[WORKING DATA — start]

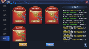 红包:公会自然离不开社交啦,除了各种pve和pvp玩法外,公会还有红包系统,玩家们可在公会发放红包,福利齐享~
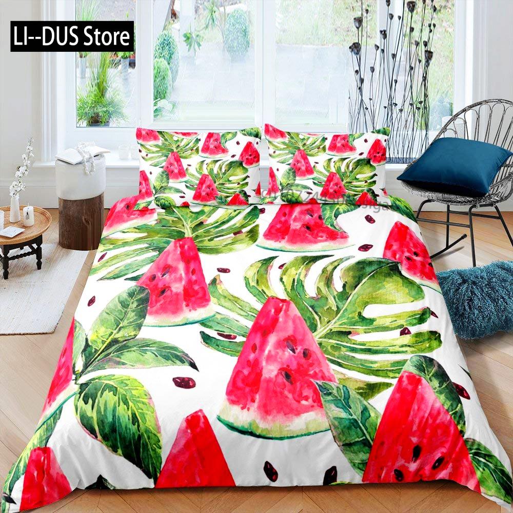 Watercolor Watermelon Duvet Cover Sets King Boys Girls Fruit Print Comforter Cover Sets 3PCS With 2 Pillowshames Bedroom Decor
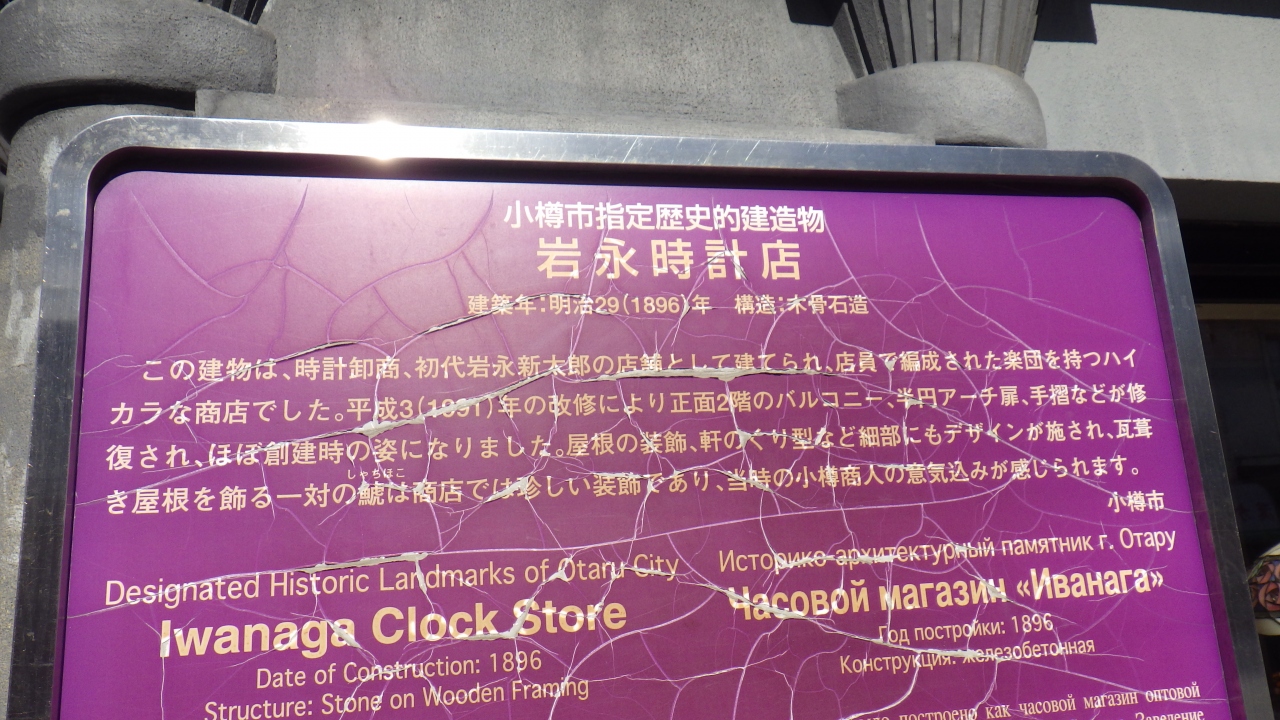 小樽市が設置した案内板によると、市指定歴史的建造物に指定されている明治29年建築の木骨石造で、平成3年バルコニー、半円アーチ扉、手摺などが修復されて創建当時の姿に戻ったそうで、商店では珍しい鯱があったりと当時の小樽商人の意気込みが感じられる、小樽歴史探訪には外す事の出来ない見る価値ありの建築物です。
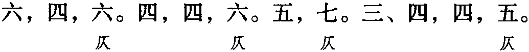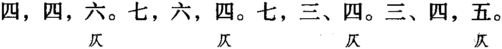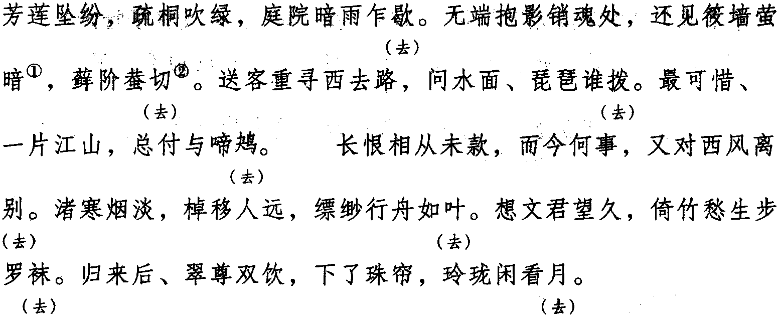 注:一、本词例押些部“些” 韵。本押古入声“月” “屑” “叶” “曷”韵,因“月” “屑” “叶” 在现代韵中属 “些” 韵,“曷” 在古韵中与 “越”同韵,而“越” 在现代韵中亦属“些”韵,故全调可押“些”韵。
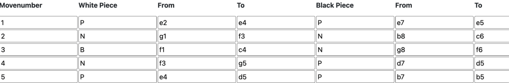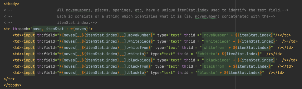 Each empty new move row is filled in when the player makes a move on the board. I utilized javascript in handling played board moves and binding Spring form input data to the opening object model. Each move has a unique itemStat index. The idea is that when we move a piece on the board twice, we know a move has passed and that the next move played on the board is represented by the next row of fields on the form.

[WORKING DATA — finish]

### [YOUR INSTRUCTIONS]
Keeping every word as it is, write out all the data and omit the pictures.

### [EXERCISE RESPONSE]
 红包:公会自然离不开社交啦,除了各种pve和pvp玩法外,公会还有红包系统,玩家们可在公会发放红包,福利齐享~
 Watercolor Watermelon Duvet Cover Sets King Boys Girls Fruit Print Comforter Cover Sets 3PCS With 2 Pillowshames Bedroom Decor
 小樽市が設置した案内板によると、市指定歴史的建造物に指定されている明治29年建築の木骨石造で、平成3年バルコニー、半円アーチ扉、手摺などが修復されて創建当時の姿に戻ったそうで、商店では珍しい鯱があったりと当時の小樽商人の意気込みが感じられる、小樽歴史探訪には外す事の出来ない見る価値ありの建築物です。
 注:一、本词例押些部“些” 韵。本押古入声“月” “屑” “叶” “曷”韵,因“月” “屑” “叶” 在现代韵中属 “些” 韵,“曷” 在古韵中与 “越”同韵,而“越” 在现代韵中亦属“些”韵,故全调可押“些”韵。
 Each empty new move row is filled in when the player makes a move on the board. I utilized javascript in handling played board moves and binding Spring form input data to the opening object model. Each move has a unique itemStat index. The idea is that when we move a piece on the board twice, we know a move has passed and that the next move played on the board is represented by the next row of fields on the form.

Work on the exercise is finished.